# Bracing tips???



## Dani-1995 (Mar 11, 2011)

We had our 2nd circuit show last night. I hadn't realized how big bracing had become here until about two weeks ago and since I want to be able to compete I started working with my goat on bracing. The judges we get all want bracing, showmanship and market (crazy right?). But anyway, my wether is too aggressive. He actually stands on his hind legs and pushes on me, he's a big boy (weighed 97lbs last night) and was kind of pushing me some. I need to find a way to calm him down... any ideas???

On the other hand our other wether will not brace unless you grab him beind the ears, pull him up and into you and hold him for all your worth (also another hundred pounder). He tries to back up too, so his legs are underneath him when they should be behind him pushing. Any ideas for encouraging him to brace??


----------



## GoatGirlMO (Aug 13, 2010)

I'd suggest visiting the MyLamb site and using their search box to look up "bracing." You'll find a ton of ideas.

When your goat is properly bracing, he should be pushing you. You should have your brace leg at a right angle to your other leg, and the animal should be pushing on the inside of your thigh-- DO NOT try to brace with your leg between his front legs. That is improper. If you are positioned right, that will clear up many issues. 

Don't stretch them out too much. They cannot brace properly if their back legs are not perpendicular to the ground. 

Practice, practice, practice with both of them. If your stronger wether is driving hard enough to roach his back, pinch it down.

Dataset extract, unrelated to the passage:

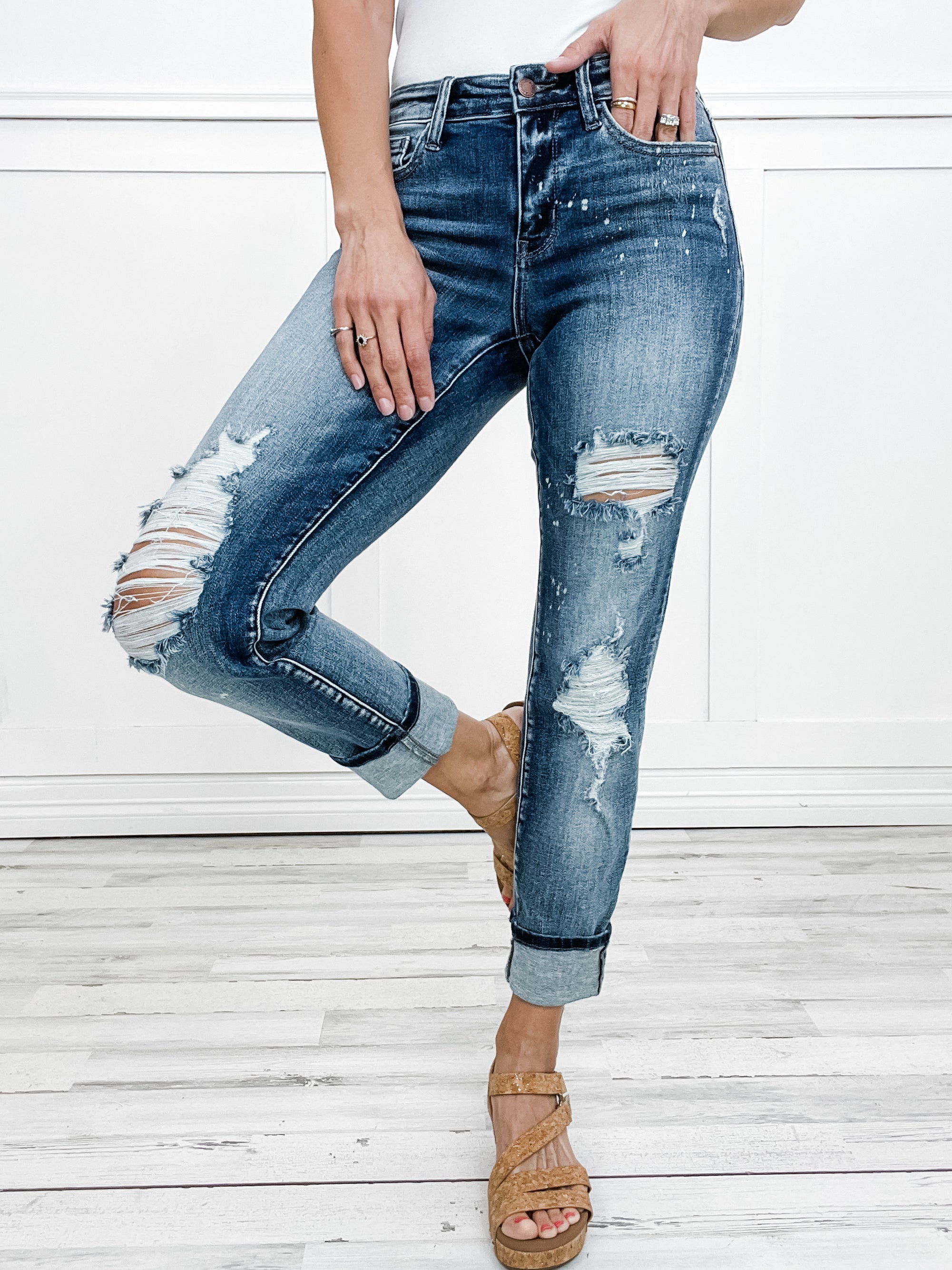 Judy Blue "Heidi" Destroyed Bleach Splattered Boyfriend Jean

Keep working with him and reward him with a scratch on the cheek or head if he gets it right.

Your other wether isn't bracing at all... he should be driving with his rear legs, and you holding him does nothing. You can try to bribe him with treats, or stand on a slight incline and push him down it, backwards. He should naturally push back. Or stand on a platform about 6" off the ground and push into him with your leg, until he steps off. Don't let him step down or fall!!!!! He will realize that he must go forward in order to stay on the platform.


----------



## Dani-1995 (Mar 11, 2011)

Thanks for the tips, I'll definatley try them. I'll have to look at the website also. 

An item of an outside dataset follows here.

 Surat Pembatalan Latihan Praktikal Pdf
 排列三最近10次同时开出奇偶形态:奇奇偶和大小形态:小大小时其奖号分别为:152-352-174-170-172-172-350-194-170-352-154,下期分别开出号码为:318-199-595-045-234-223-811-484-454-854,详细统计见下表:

My stronger wether braces good once I get him back on the ground, just need to calm him down some. My sisters wether is just lazy but I'll try the platform. I've used our fitting stand that way and he just steps off, guess its not high enough.


----------



## GoatGirlMO (Aug 13, 2010)

Got it... with the big wether, just keep pushing him back down. He'll get it eventually.

Try dropping the back legs of the fitting stand (if it's the folding type) and push the other one down the incline. Sometimes they decide you are trying to play "king of the hill" with them and will push back, trying to play.


----------